Work order: Copy out each line of the material exactly. Pictures do not belong in the copy.

Supplied information:
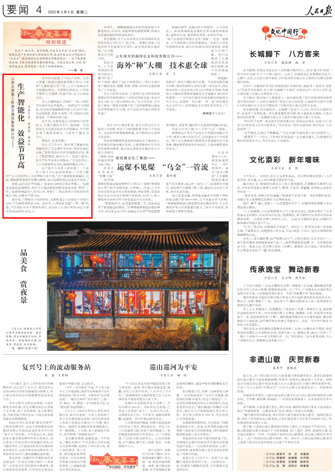 新春伊始,萬(wàn)象更新,太重以亮眼開(kāi)局備受矚目,榮登媒體熱榜。生產(chǎn)智能化、效益節(jié)節(jié)高!2月4日,人民日?qǐng)?bào)《新春走基層·特別報(bào)道》走進(jìn)軌道交通行業(yè)首座“燈塔工廠”——太重軌道公司車輪廠二線,感受智能化生產(chǎn)的澎湃脈動(dòng)。數(shù)據(jù)見(jiàn)證非凡成就:勞動(dòng)生產(chǎn)率提高43%,產(chǎn)品缺陷率降低33%,營(yíng)業(yè)收入從2017年的18億元增長(zhǎng)到2024年的30億元,清晰勾勒出太重向智能化大步邁進(jìn)、效益持續(xù)上揚(yáng)的堅(jiān)實(shí)步伐。2月5日,山西新聞聯(lián)播《節(jié)后上班首日 我省各地奮進(jìn)“春天里”》欄目也將鏡頭對(duì)準(zhǔn)太重工程起重機(jī)項(xiàng)目建設(shè)現(xiàn)場(chǎng),工人們忙碌而有序,大型機(jī)械轟鳴作響,努力打造高端裝備制造雙鏈雙千億產(chǎn)業(yè)集群,彰顯太重人奮進(jìn)爭(zhēng)先的蓬勃朝氣與豪邁干勁!春?jiǎn)⑿鲁?,開(kāi)局沖刺!2025,讓我們以?shī)^斗之名,攜手共進(jìn),續(xù)寫太重新的輝煌!
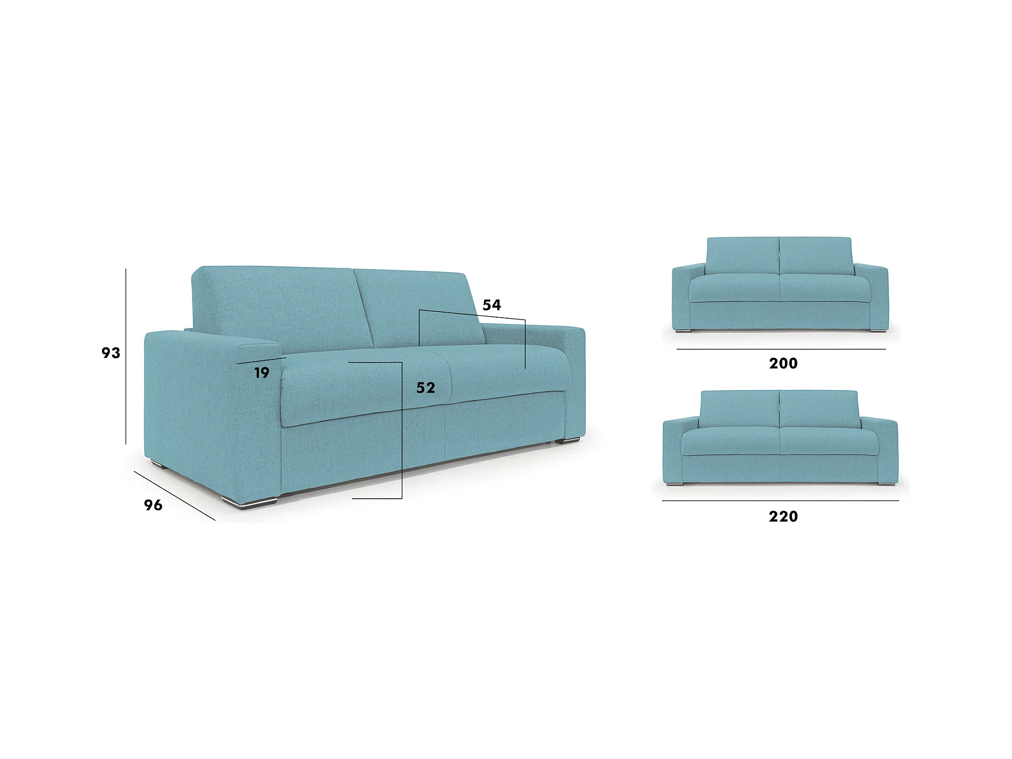 Nixon Schlafsofa mit 20 cm Matratze aus wasserfestem Stoff T03 220 cm (mat. 160x197) Blau
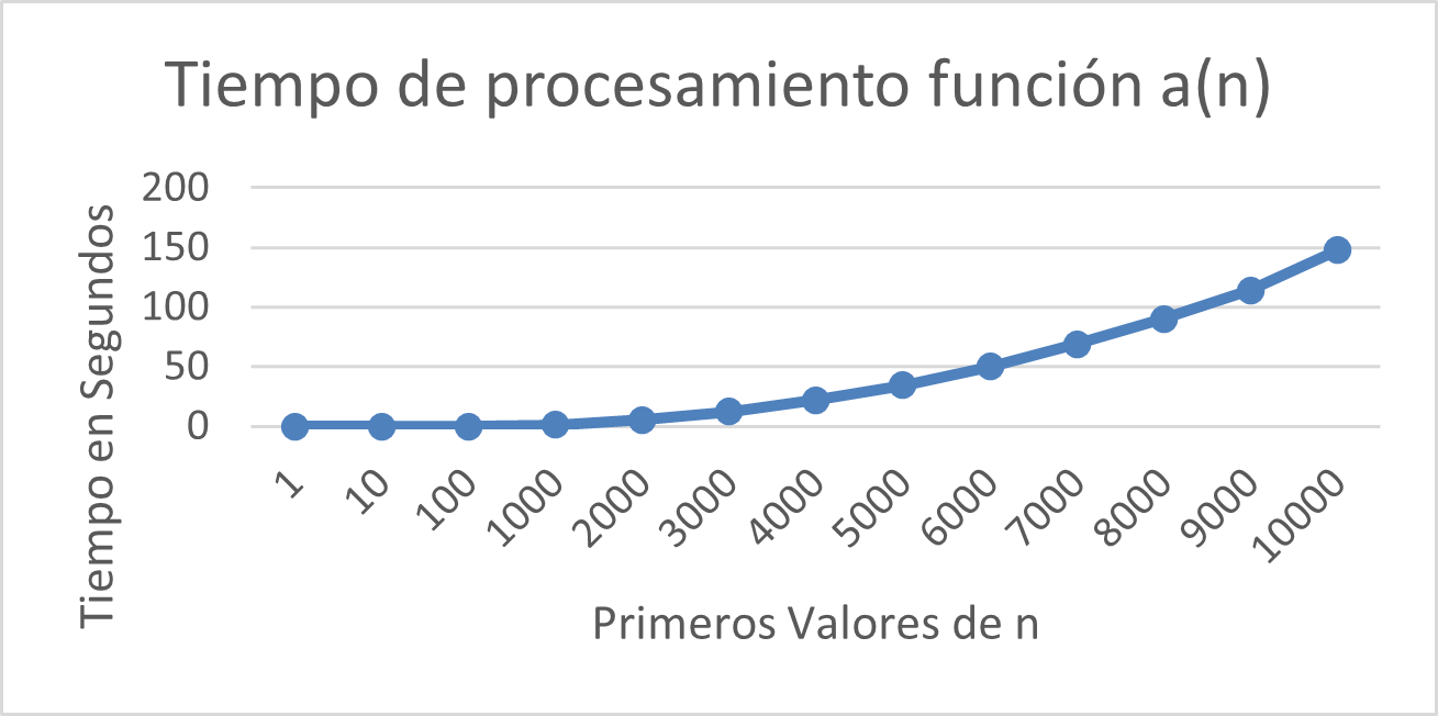 A partir del análisis de los tiempos de procesamiento y la gráfica (ver figura 3) obtenida de los datos computados, y tomando como referencia a la tabla de complejidad algorítmica; se visualiza un orden de tipo exponencial para la función.

Exercise answer:
 新春伊始,萬(wàn)象更新,太重以亮眼開(kāi)局備受矚目,榮登媒體熱榜。生產(chǎn)智能化、效益節(jié)節(jié)高!2月4日,人民日?qǐng)?bào)《新春走基層·特別報(bào)道》走進(jìn)軌道交通行業(yè)首座“燈塔工廠”——太重軌道公司車輪廠二線,感受智能化生產(chǎn)的澎湃脈動(dòng)。數(shù)據(jù)見(jiàn)證非凡成就:勞動(dòng)生產(chǎn)率提高43%,產(chǎn)品缺陷率降低33%,營(yíng)業(yè)收入從2017年的18億元增長(zhǎng)到2024年的30億元,清晰勾勒出太重向智能化大步邁進(jìn)、效益持續(xù)上揚(yáng)的堅(jiān)實(shí)步伐。2月5日,山西新聞聯(lián)播《節(jié)后上班首日 我省各地奮進(jìn)“春天里”》欄目也將鏡頭對(duì)準(zhǔn)太重工程起重機(jī)項(xiàng)目建設(shè)現(xiàn)場(chǎng),工人們忙碌而有序,大型機(jī)械轟鳴作響,努力打造高端裝備制造雙鏈雙千億產(chǎn)業(yè)集群,彰顯太重人奮進(jìn)爭(zhēng)先的蓬勃朝氣與豪邁干勁!春?jiǎn)⑿鲁?,開(kāi)局沖刺!2025,讓我們以?shī)^斗之名,攜手共進(jìn),續(xù)寫太重新的輝煌!
 Nixon Schlafsofa mit 20 cm Matratze aus wasserfestem Stoff T03 220 cm (mat. 160x197) Blau
 A partir del análisis de los tiempos de procesamiento y la gráfica (ver figura 3) obtenida de los datos computados, y tomando como referencia a la tabla de complejidad algorítmica; se visualiza un orden de tipo exponencial para la función.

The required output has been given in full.